POLITIQUE - ASSEMBLÉE NATIONALE : DISSOLUTION DU CESE ET HCCT REJETÉE PAR L’OPPOSITION
Le Sénégal traverse actuellement une période d’incertitudes politiques suite au rejet par l'Assemblée nationale d'un projet de loi porté par le président Bassirou Diomaye Faye. Ce texte visait à dissoudre deux institutions consultatives, le Conseil économique, social et environnemental (CESE) et le Haut conseil des collectivités territoriales (HCCT), considérées comme « budgétivores » et non essentielles par l’actuel exécutif. Ce rejet met en lumière les tensions entre l’exécutif et une majorité parlementaire d’opposition, soulevant des questions sur l’avenir politique du pays et les réformes institutionnelles en cours. C’est la raison principale pour laquelle, le Président de la République du Sénégal a transmis une note au Président de l’Assemblée Nationale portant convocation des députés en session extraordinaire. Une fenêtre ouverte pour supprimer ces institutions jugées budgétivores à tout point de vue.
Un rejet significatif : Les conséquences immédiates
Le vote, qui a vu 83 députés contre 80 refuser la dissolution des deux organes, a immédiatement suscité une réaction de la présidence. Le président Faye, par la voix de son porte-parole, a dénoncé une déconnexion entre les représentants du peuple et les aspirations populaires exprimées lors de l'élection présidentielle de mars 2024. Cette situation délicate pourrait pousser le président à dissoudre l'Assemblée nationale, ouvrant la voie à des élections législatives anticipées, une décision qui pourrait profondément restructurer le paysage politique sénégalais. Une dissolution qui peut-être actée ce 12 septembre prochain date des deux ans de législature.
La justification de la suppression : une nécessité économique?
L’argument central de l’exécutif pour la suppression du CESE et du HCCT repose sur la rationalisation des dépenses publiques. Ces deux institutions, cumulant un budget de près de 15 milliards de francs CFA, sont perçues par le gouvernement comme un fardeau financier inutile et les dissoudre permettrait à l’Etat sénégalais de rationaliser les dépenses publiques d’après le communiqué officiel de la Présidence de la République du Sénégal. Cette initiative s'inscrit dans une stratégie plus large de transformation de la gouvernance publique, un engagement phare du programme électoral de la coalition au pouvoir. Cependant, la suppression de telles institutions consultatives n'est pas sans risque, notamment en termes de gouvernance démocratique et de décentralisation, des éléments importants dans le contexte politique sénégalais actuel.
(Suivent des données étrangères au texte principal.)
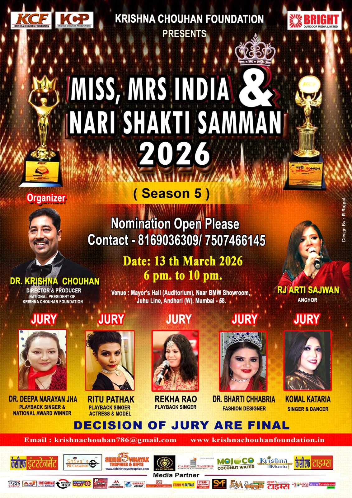 मुम्बई/स्वराज टुडे: मायानगरी मुम्बई में अवार्ड फंक्शन के किंग कहे जाने वाले डॉ कृष्णा चौहान महिला दिवस के उपलक्ष्य पर ‘मिस एंड मिसेज इंडिया 2026 और नारी शक्ति सम्मान 2026’ के 5वें सीज़न का भव्य आयोजन 13 मार्च को महानगर के प्रसिद्ध उपनगर अंधेरी पश्चिम स्थित मेयर हॉल में करने जा रहे हैं। केसीएफ प्रस्तुत इस पुरस्कार समारोह में उनको सम्मानित किया जाएगा जिन्होंने समाज सेवा और मानव सेवा का उल्लेखनीय कार्य किया है। साथ ही अपनी कला और व्यक्तित्व का उत्कृष्ट प्रदर्शन करते हुए समाज को नई दिशा प्रदान की हैं।

Les risques et défis d'une Réforme Constitutionnelle
La suppression des institutions consultatives comme le CESE et le HCCT pourrait entraîner des défis juridiques et politiques majeurs. D'un point de vue constitutionnel, la modification des organes établis nécessite une majorité qualifiée, ce que l'exécutif semble ne pas avoir à l'heure actuelle. De plus, l'opposition, largement représentée à l'Assemblée nationale, pourrait utiliser cette situation pour contester davantage la légitimité de l'exécutif, ce qui pourrait exacerber les tensions politiques et sociales dans le pays. Ainsi, une dissolution de la 14 ème législature se présage dans les prochains jours et l’organisation de nouvelles élections législatives à l’horizon, ce pour permettre au régime du Président Bassirou Diomaye Faye de conforter une majorité parlementaire afin de mener à bien le « Projet ». Cela passe inévitablement par des élections législatives remportées haut la main.
Perspectives d’avenir : Dissolution ou Référendum?
Face à cette impasse, plusieurs scénarios sont envisagés. La dissolution de l'Assemblée nationale, bien que constitutionnellement possible, pourrait provoquer une crise politique si elle est perçue comme un acte de défiance envers le corps législatif. Alternativement, un référendum pourrait permettre au président Faye de contourner l'Assemblée, en s’appuyant directement sur la volonté populaire. Cette option, toutefois, comporte des risques en cas de faible participation ou de rejet massif par les électeurs, ce qui pourrait affaiblir encore davantage la position du gouvernement.
Une transition politique sous haute tension
Le rejet du projet de loi de révision constitutionnelle au Sénégal marque un tournant dans la dynamique politique du pays. Le gouvernement de Bassirou Diomaye Faye se trouve à un carrefour, où chaque décision pourrait avoir des conséquences durables sur l’avenir institutionnel du Sénégal. Alors que le pays est traditionnellement perçu comme une démocratie stable en Afrique de l'Ouest, les tensions actuelles mettent à l'épreuve cette réputation, laissant entrevoir une période d'incertitudes et de transformations potentiellement profondes pour la République.